The data START
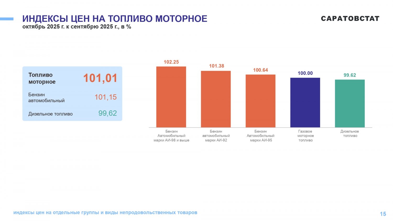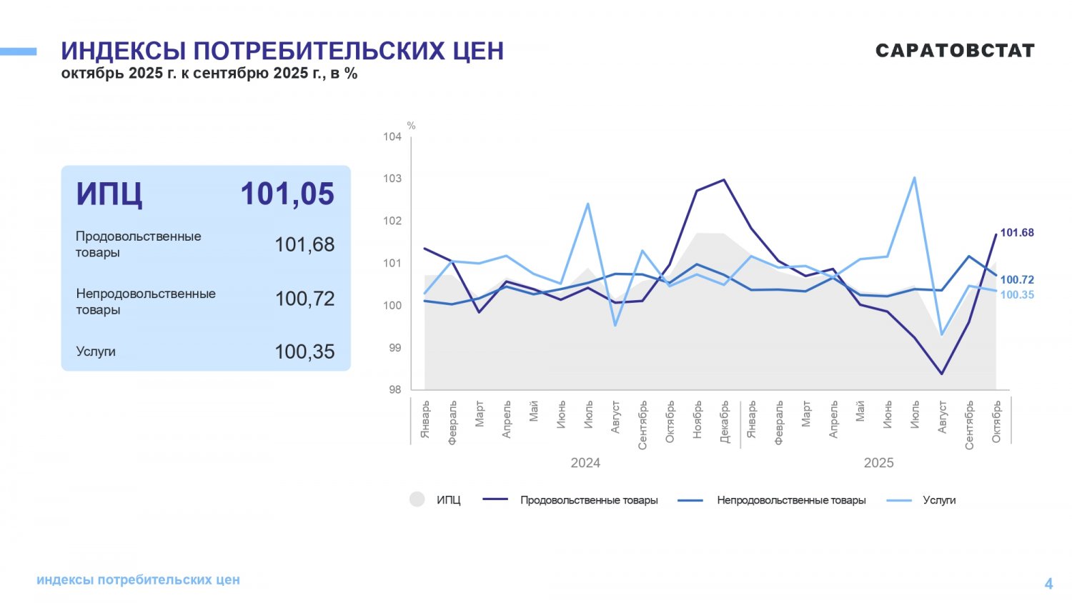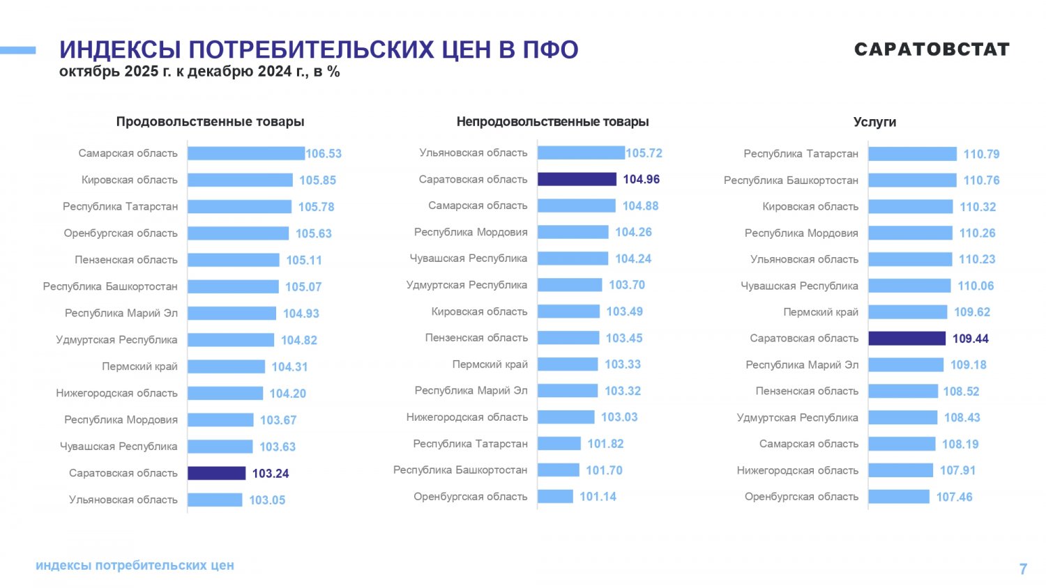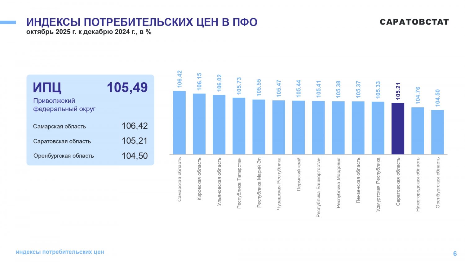 Потребительские цены в октябре 2025 года повысились по сравнению с сентябрем 2025 года на 1,05%, по сравнению с декабрем 2024 года повысились — на 5,21%. По индексу потребительских цен Саратовская область — третья с конца в ПФО. Самая высокая инфляция в Самарской области (6,42%), самая низкая — в Оренбургской области (4,5%).
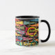 Cette tasse présente un design moderne du milieu du siècle de triangles et anneaux aux couleurs rétro sur un champ de noir.
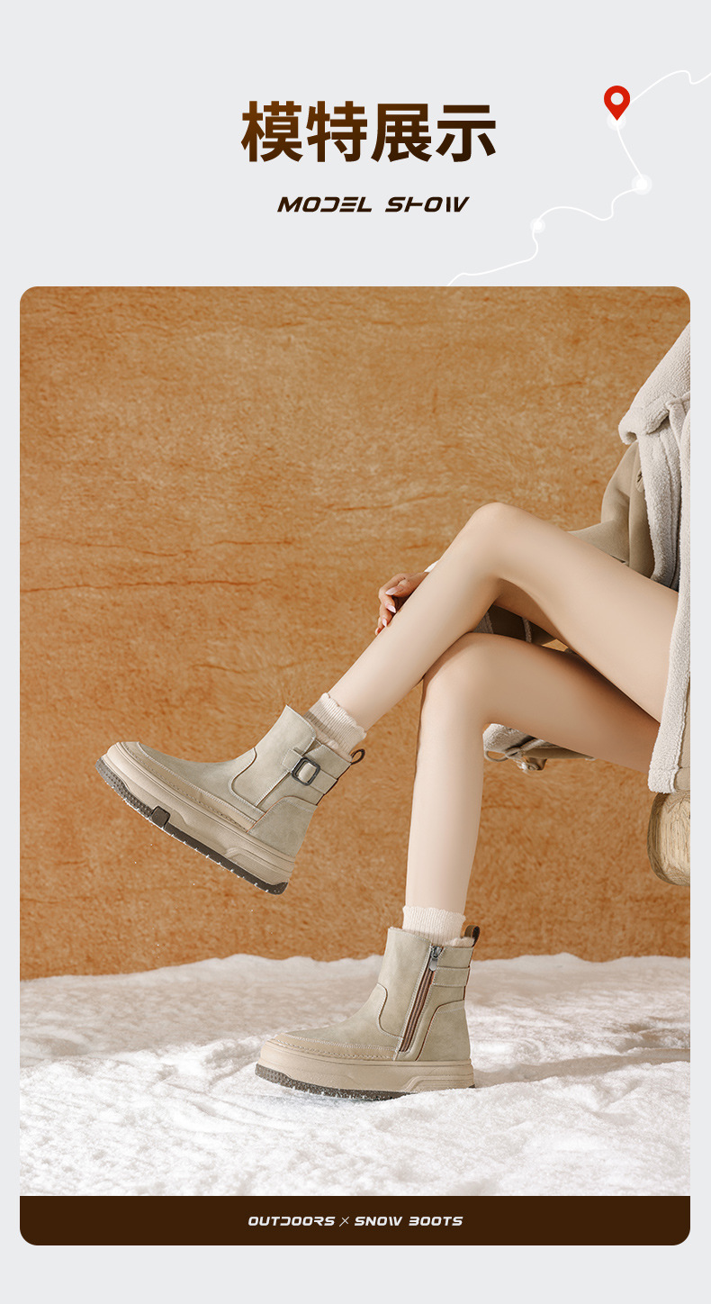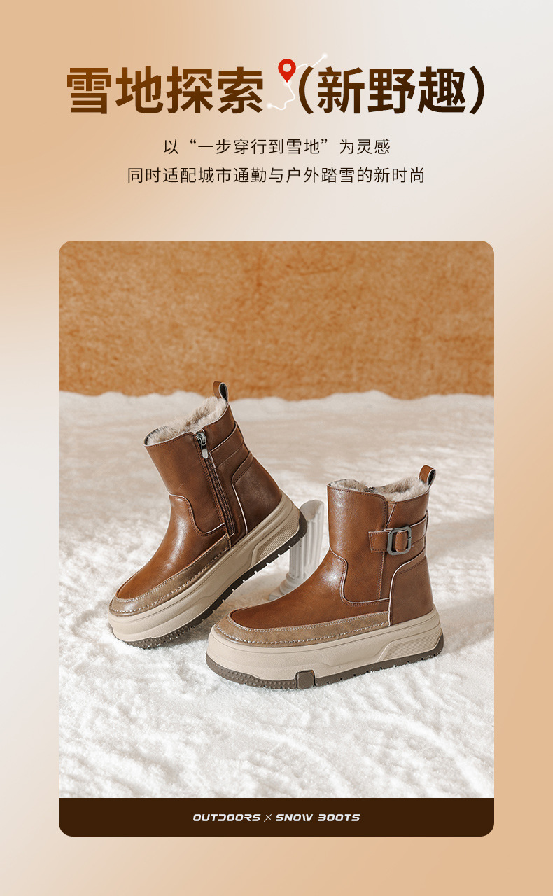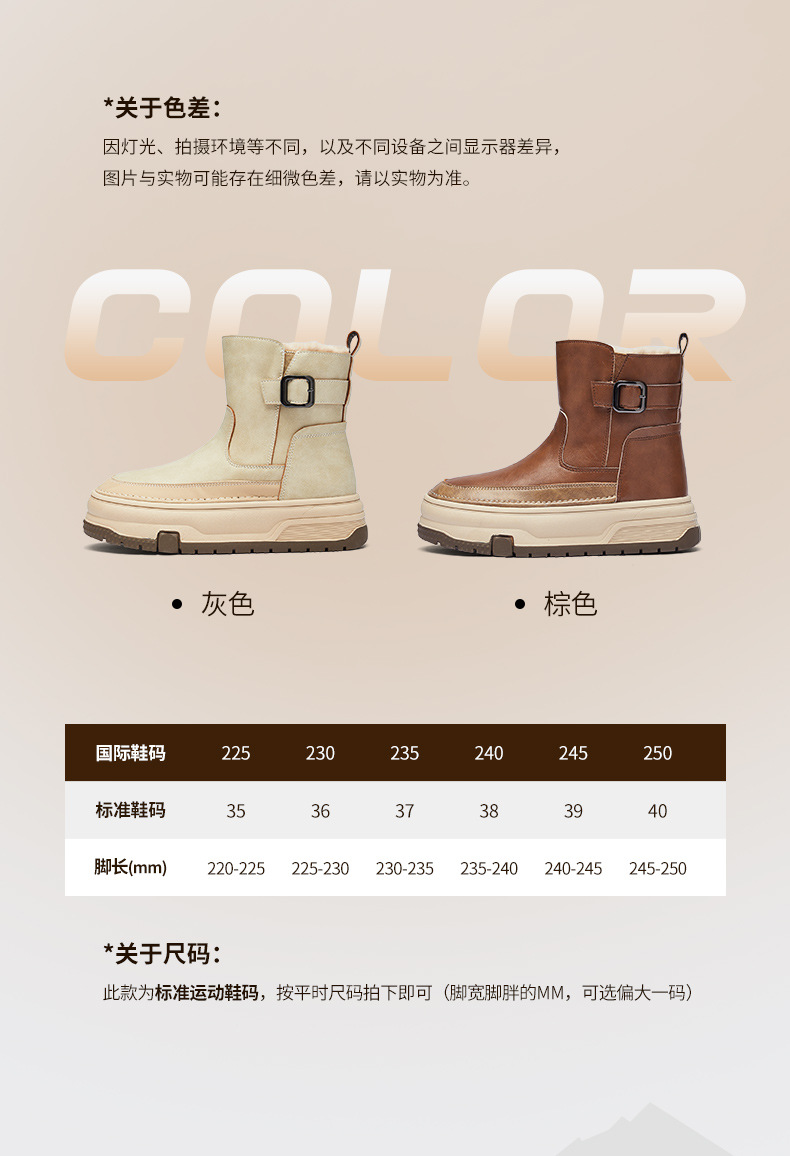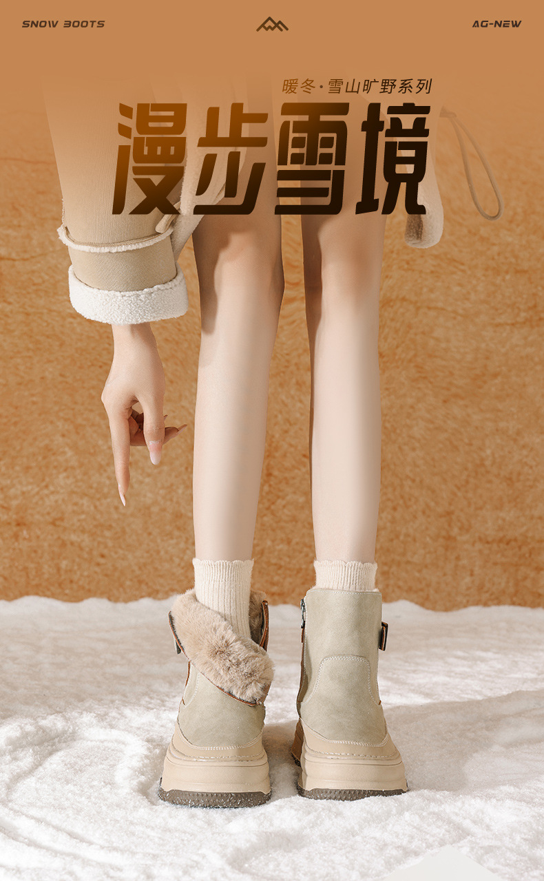 奥古狮登厚底雪地靴女2025新款冬季灰色加绒加厚靴子外穿短筒棉鞋
The data END
> [What the exercise asks]:
Reproduce all of the material above word for word. Omit the pictures.

> [Exercise answer]:
 Потребительские цены в октябре 2025 года повысились по сравнению с сентябрем 2025 года на 1,05%, по сравнению с декабрем 2024 года повысились — на 5,21%. По индексу потребительских цен Саратовская область — третья с конца в ПФО. Самая высокая инфляция в Самарской области (6,42%), самая низкая — в Оренбургской области (4,5%).
 Cette tasse présente un design moderne du milieu du siècle de triangles et anneaux aux couleurs rétro sur un champ de noir.
 奥古狮登厚底雪地靴女2025新款冬季灰色加绒加厚靴子外穿短筒棉鞋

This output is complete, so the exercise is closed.